The Convention on the Prevention and Punishment of the Crime of Genocide that was passed by the General Assembly of the United Nations on 9 December 1948 defines genocide as "…acts committed with intent to destroy…." There has been enough dissatisfaction with that definition to spark a variety of amended definitions. However, all of these definitions continue to include intent as a major criterion. (1) As a result, students of genocide have been faced with the problem, and continue to struggle with the methodological issue of how to ascertain intent in a concrete, historical case of genocide. How scholars face this problem seems to depend on their disciplinary affiliation and, more specifically, on how their early training defined data and their sources. The continuing debate sparked by David Irving's assertion of Hitler's innocence in the murder of the Jews gives this issue renewed urgency.(2)

THE HISTORIAN'S VIEW

Since historians often deal with events that occurred before the birth of any currently living person they are much less concerned with interviews than with the written record. That record is usually quite inadequate for studying genocides because past historians were not very interested in the common people. Therefore, the victims of genocide only rarely appear in the historical record. That record may consist of letters, diaries, biographies or histories. The question that must always be asked is whether the author was a participant or a contemporary and for what purpose the record was written. We do know that history as an academic discipline is of rather recent origin and that early historians usually wrote in the employ of their rulers. It was their task to glorify their rulers' reign rather than to create an accurate record of events. Thus, such written records must always be examined carefully for their credibility and reliability.

With the increase in bureaucracy, states have increasingly accumulated archives on a wide variety of their activities. But governments seem to have a very ambivalent attitude toward these records. On the one hand, there always seem to be matters that they do not commit to these records; on the other hand, they restrict access to them. To the extent that researchers do obtain access, they need to decide who made the record, how much first-hand knowledge the authors really had, what their position was, and in what way they may have biased the record. In addition, when such records deal with matters outside the country of their origin, they usually require translation. The researcher may then have the additional task of verifying the accuracy of the translation. Needless to add, there usually are relevant events and interactions that are not recorded and that can only be reconstructed by conjecture and reconstructions based on circumstantial evidence.

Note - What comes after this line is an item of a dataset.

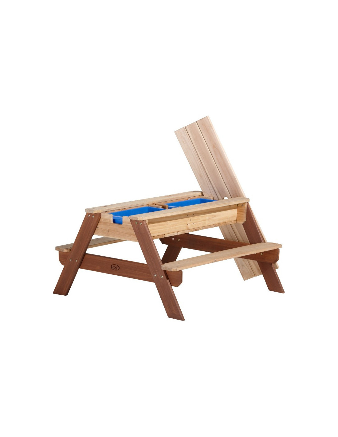 Stół piknikowy Nick od renomowanej marki AXI to wielofunkcyjny stół, który ma tajne pomieszczenie z dwoma niebieskimi pojemnikami pod zdejmowanym blatem. Te niebieskie pojemniki można wypełnić piaskiem i/lub wodą, ale oczywiście można w nich przechowywać również zabawki. Dodatkowo pojemniki są wyjmowane, dzięki czemu można je łatwo wyczyścić. Klasyczne połączenie piasku i wody zawsze sprawdza się u dzieci! W mgnieniu oka zamienisz stół z piaskiem i wodą w stół piknikowy, na którym dzieci będą mogły tworzyć, rysować lub cieszyć się smakołykami.

The perpetrators of pre-modern genocides reported their deeds with the same pride with which they reported their victories in wars, with which genocides were often associated. It is only since the Enlightenment, with its belief in  the value of human life, that perpetrators tried to hide and deny their deeds. Even when they did not deny their culpability, they tried to deflect public disapproval by using ambiguous semantics. The most famous such case is the Holocaust committed by the nazis under the label of the "final solution". More recently, the Serbs have been trying to justify their massacres as "ethnic cleansing". But these are the only cases in the twentieth century in which the perpetrators made no secret of their intent. For the scholar there remains the problem of what to do about the quite large number of events that wold be recognized as genocides if intent could be demonstrated.

THE SOCIOLOGISTS' VIEW

In many cases, no written record was created or survived. Eyewitnesses close enough to the top levels of command either did not survive or refused to incriminate themselves. In addition, the perpetrators of genocides often attempt to hide their deeds under the cover of war or as a natural catastrophe such as a famine cased by drought.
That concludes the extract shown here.